I'm working on an application that uses Spring caching and replicates cache entries across a cluster of hosts. When one host adds a new entry to a cache, it serializes that cache entry and sends it to the other hosts for them to add too.
I noticed an issue where if an enum type is a part of the cache key the cache will not replicate properly. Each host winds up with duplicate entries in the cache for identical-looking keys.
I traced the issue to the SimpleKey's hashCode field. It gets initialized in the SimpleKey's constructor and is based on the hash codes of all of the SimpleKey's parameters. The problem is that enum hash codes are based on object identity - they aren't consistent from one host to another and will even change with an application restart. If a SimpleKey instance was deserialized from another host and contains an enum parameter, then its hashCode field will have a different value than a SimpleKey with the same parameters created by the current host.

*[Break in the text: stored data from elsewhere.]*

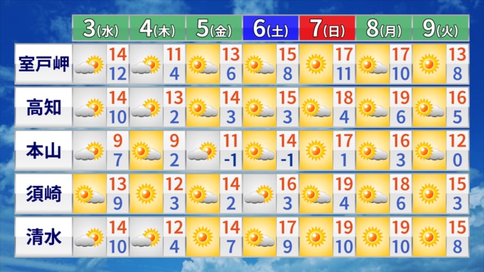 向こう1週間は晴れる日が多くなりそうです。4日以降は、本格的な寒気が県内には流れ込み山沿いでは冬日が続くところがあるでしょう。来週の前半気温は持ち直し、20℃近くまで上がるところがありそうです。
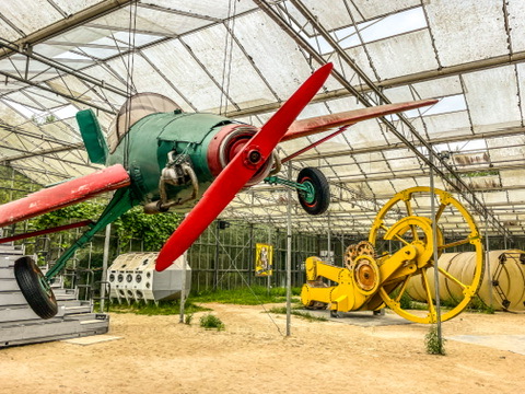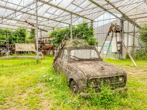 Het museum ligt pal aan de snelweg E34, vlak bij de grens tussen België en Nederland. Een deel van de collectie bevindt zich in de oude transportloodsen met daarachter 12 hectare woeste natuur, waar je fantastisch kunt verdwalen en mijmeren over de zin en onzin van de objecten die je tegenkomt. Net als de omringende natuur groeit en bloeit de collectie gestaag door. En dat is maar goed ook; het is een visueel feestje. In de enorme hallen word je ook op een lekkere manier bij de nek gegrepen door de onbedoelde kunstcollectie. Ben je na zoveel cultuur knock-out geslagen? Dan kun je bijkomen in het restaurant met een hap en een slok.
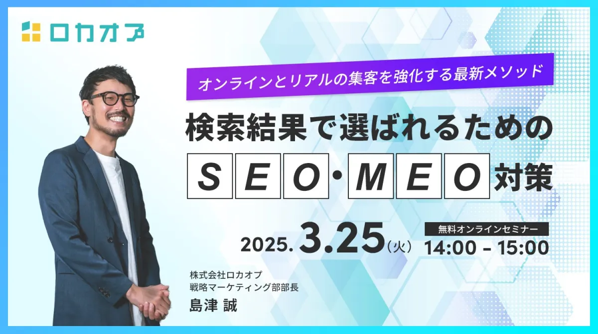 株式会社ロカオプ(所在地:東京都新宿区新宿)は、3月25日(火)午後2時より、無料のオンラインセミナー「検索結果で選ばれるためのSEO・MEO対策」を開催します。このセミナーでは、店舗やサービスをGoogle検索で見つけてもらうだけでなく、実際に選ばれるための施策を詳しく解説します。
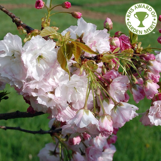 Considered one of the finest blossom trees available, Prunus 'Shogetsu' also goes by the names Prunus Shimidsu and Blushing Bride. The name Blushing Bride perfectly describes the delicate looking, large, blousy double flowers that hang down in big bunches from April-May, opening pink and fading to bright white as the season progresses. It is also a very popular choice to give as a wedding gift.
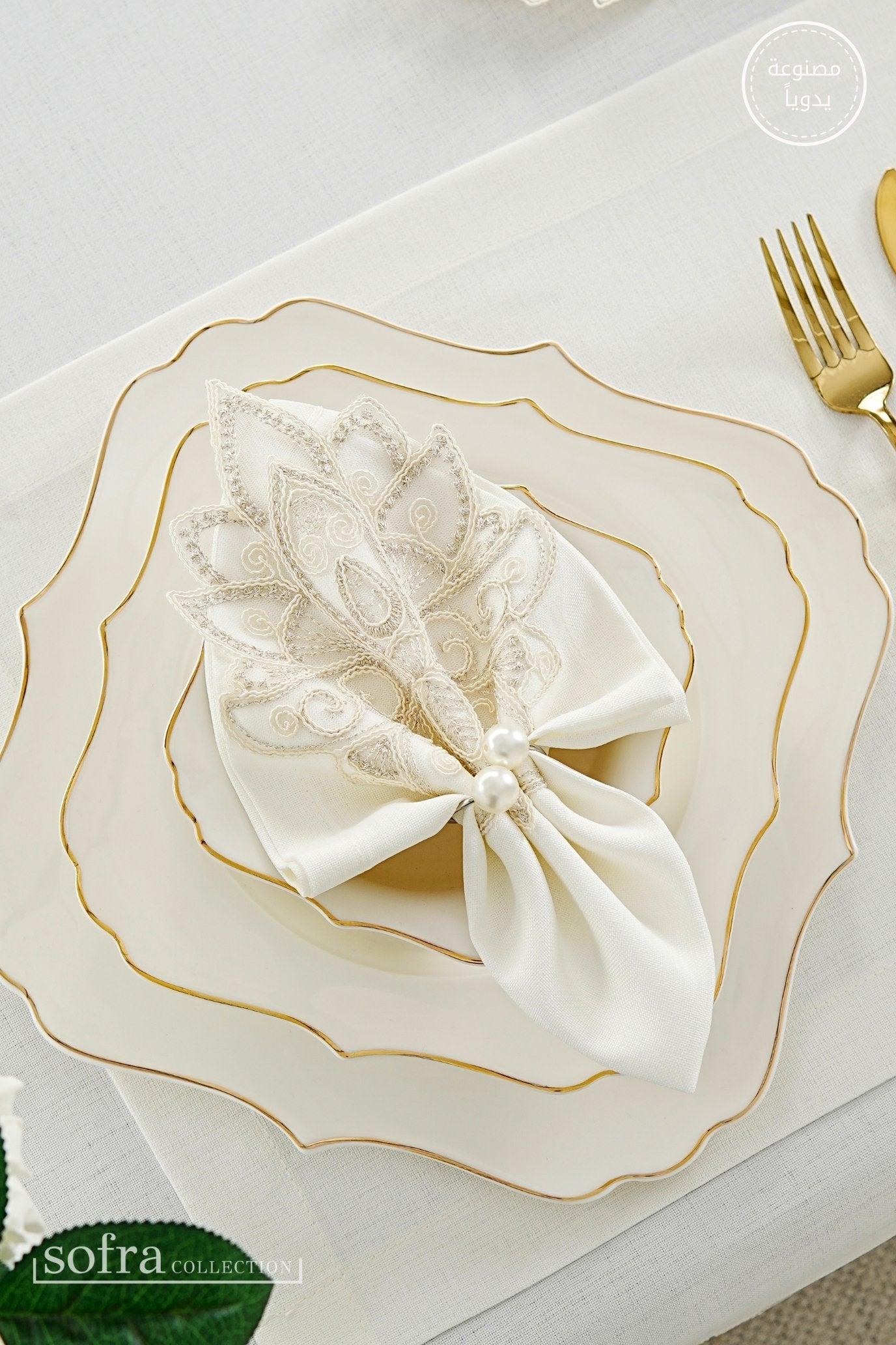 طقم مفارش سفرة فاخر يتكون من ٣٨ قطعة كاملة يكفى ١٢ شخص
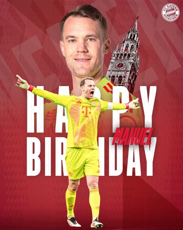 3月27日訊 德國(guó)隊(duì)和拜仁官方社媒更新動(dòng)態(tài),為諾伊爾送上生日祝福。
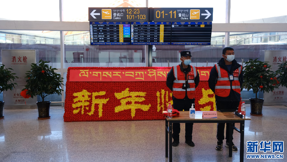 圖為拉薩貢嘎機場T3航站樓內(nèi)志愿者服務點(1月17日攝)。新華網(wǎng) 柑丹鴦琦 攝

This means that even though the replication is working - each host is adding cache entries sent from other hosts to their own caches - no host can ever get a cache hit on an entry that was sent to it from another. The different hash codes make the cache's underlying map lookups fail to find the already-existing keys. The ultimate consequence is that these caches effectively have no synchronization across hosts and they're bloated with up to one duplicate entry per host for common keys.
This pull request fixes the issue by making the SimpleKey's hashCode transient so it isn't shared with other runtimes when serialized, and by making sure its hashCode gets calculated by its own runtime even when the object was deserialized instead of constructed.

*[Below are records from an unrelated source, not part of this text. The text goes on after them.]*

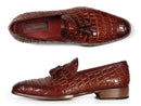 Paul Parkman (FREE Shipping) Men's Brown Crocodile Embossed Calfskin Tassel Loafers (ID#0823-BRW)
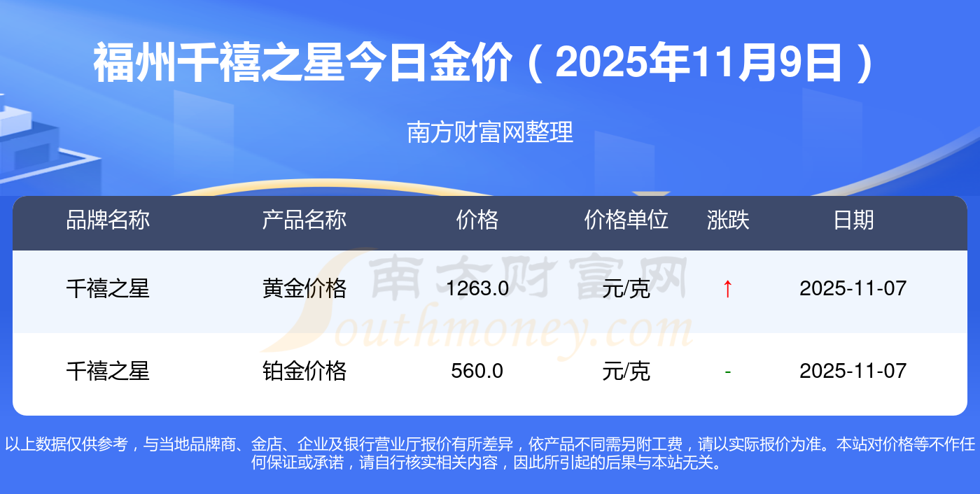 2025年11月9日福州千禧之星每克黃金的市場(chǎng)價(jià)格是多少:銀條價(jià)格11.4元/克,黃金價(jià)格1263.0元/克,鉑金價(jià)格560.0元/克,金條價(jià)格(內(nèi)地)1202.0元/克,金飾價(jià)格(內(nèi)地)1268.0元/克,黃金飾品(香港)44260.0,鉑金飾品(香港)13080.0,金條金價(jià)(香港)39960.0,投資金條1243.0元/克,工藝金條1258.0元/克,千足金首飾1248.0元/克。
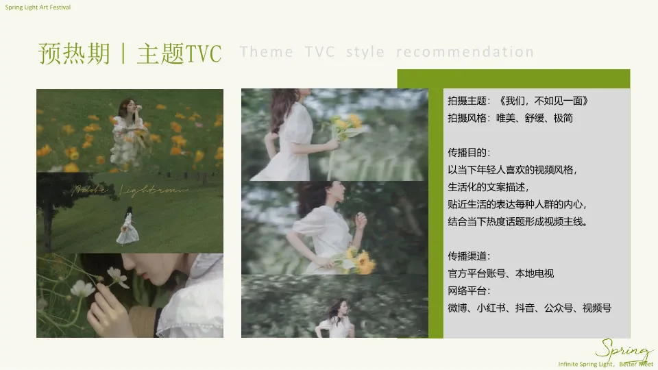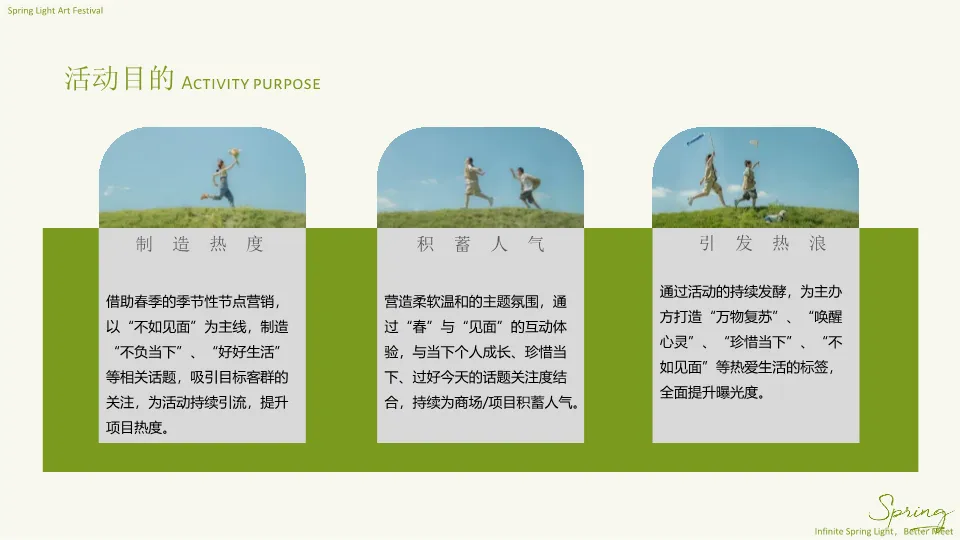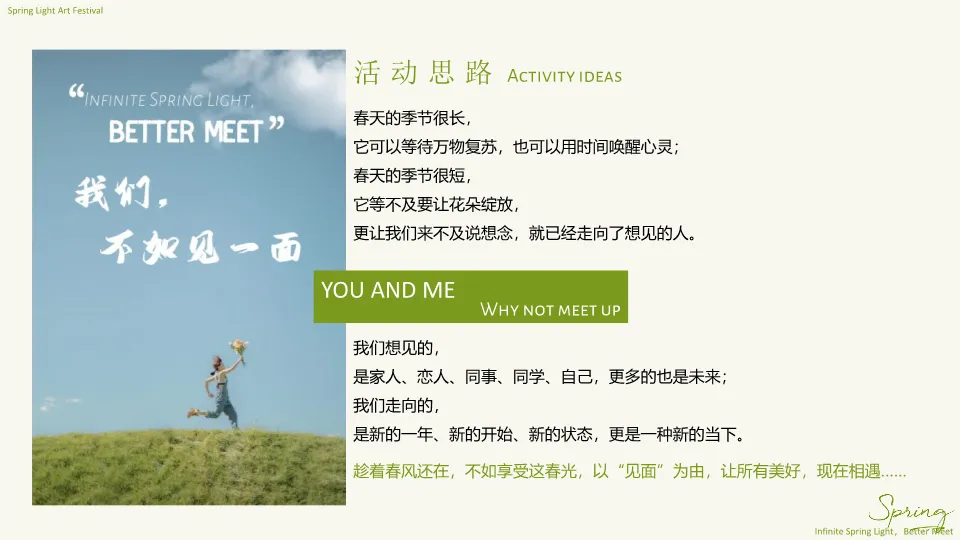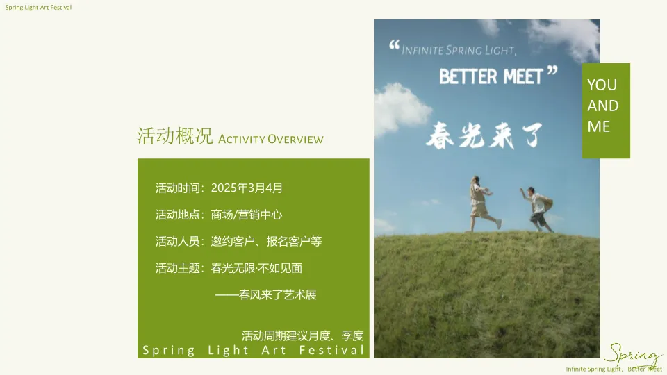 本方案为2026年商业地产春季营销活动——“春光无限·不如见面”露营艺术节的完整策划案。活动旨在借助春季节点,以“见面”为情感主线,通过露营与艺术结合的形式,为商场或营销中心制造话题热度、积蓄人气。方案系统规划了活动概述、前期宣传、活动规划与细节四大板块,详细阐述了从主视觉设计、分阶段宣传(预热、爆发、续热期)到现场艺术展览、氛围布置及日夜活动流程的完整执行路径,是一份结构清晰、创意新颖、可操作性强的整合营销策划范本。
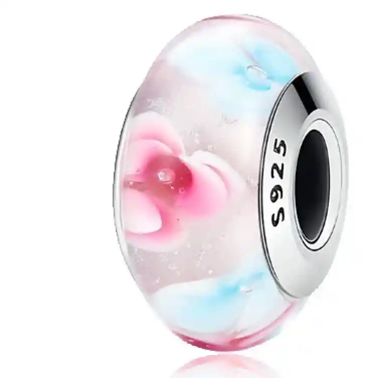 El charm está hecho de Plata esterlina 925 con su respectivo sello. Está esmaltado en colores azul, rosado y transparente. Es totalmente compatible con pulseras Pandora y cualquieras otras marcas europeas.
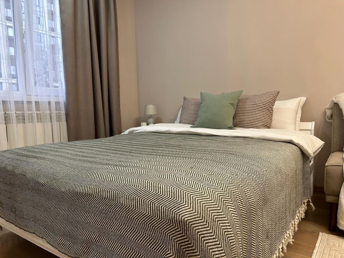 Diviértete en nuestro acogedor y elegante alojamiento. Estudio moderno y funcional en la ciudad de Almaty para 2-4 personas. Se admiten bebés y niños. El alojamiento entero recién reformado tiene todo lo necesario para que tu estancia sea cómoda. El apartamento tiene cocina totalmente equipada, wifi y todas las comodidades necesarias. El apartamento está situado junto al gran centro comercial con una gran variedad de restaurantes, cafeterías y un supermercado. La calle principal City Walking está a 10 minutos a pie.

I think this is a reasonable change because identity-based hashcodes are a real possibility in Java (it's the Object.hashCode implementation) and since SimpleKey derives its hash code from a set of parameters of unknown types you can't assume it's safe to share when serializing.
Comment From: pivotal-issuemaster
@ZikFat Please sign the Contributor License Agreement!
Click here to manually synchronize the status of this Pull Request.
See the FAQ for frequently asked questions.
Comment From: pivotal-issuemaster
@ZikFat Thank you for signing the Contributor License Agreement!
Comment From: quaff
It make sense.
Comment From: jhoeller
SimpleKey wasn't really designed for cluster use, but given that it does declare Serializable, we should indeed be defensive about hashcode assumptions in case of deserialization on a different machine. Omitting the hashcode from the serialized representation and recalcuting it for every deserialized instance seems sensible, reducing the size of the serialized representation as well.
That said, I've addressed the change somewhat differently: A custom readObject implementation allows us to re-calculate the hashcode immediately on deserialization, considering the field effectively final for the regular lifetime of a SimpleKey instance. I'll push that commit in a moment, hopefully addressing your concern so far. Thanks for the PR, in any case!
Note that we generally only support deserialization from the same version of the framework, except for very specific cases where we explicitly declare an older serialVersionUID. This means that SimpleKey deserialization in 5.2.3 will only work with the entire cluster being on 5.2.3.
Comment From: ZikFat
Thanks for the fix! I agree that your readObject version is better.